The Keywords AI API will automatically balance the request load across the same model provided by different providers. This is achieved by hitting different provider endpoints based on their rate limit and their average latency across the day.

Keywords AI will ping the providers every hour to measure the average latency across the day. And update the latency data for the providers in the backend for this load-balancing calculation.

Under the hood, here is the pseudo-code of how the load balancing works:

# Received model in the request
model_name = "requested_model_from_request"
# Load the model's param and its respective providers
model: dict = keywords_ai_model_data[model_name] # A slice from our data

fallback_models = model["load_balancing_fallbacks"]

balancing_between = []
for fallback in fallback_models:
    fallback_param = pack_fallback_list_object(fallback)
    """
    A fallback_param looks something like this:
    {
        "model_name": "model_that_needs_a_fallback",
        "fallback_name": "model_to_fallback_to",
        "rate_limit": 1000,
        "latency": This is live data from the provider based on daily ping
    }
    """
    balancing_between.append(fallback_param)
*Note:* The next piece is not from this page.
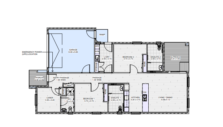 This home features two spacious participant bedrooms with private ensuites, plus a dedicated Onsite Overnight Assistance room.

# ...Omit code until generation...
# Randomly pick a provider based on the latency and rate_limit distribution
model = pick_model_to_use(balancing_between)
"""Under the hood
distribution = [rate_limit_1, rate_limit_2, rate_limit_3] / sum_of_rate_limits
weights = add_latency_weight_to_distribution(distribution, [latency_1, latency_2, latency_3])
model = random.choices(balancing_between, weights=weights)
"""
keywords_generation(module, **other_kwargs)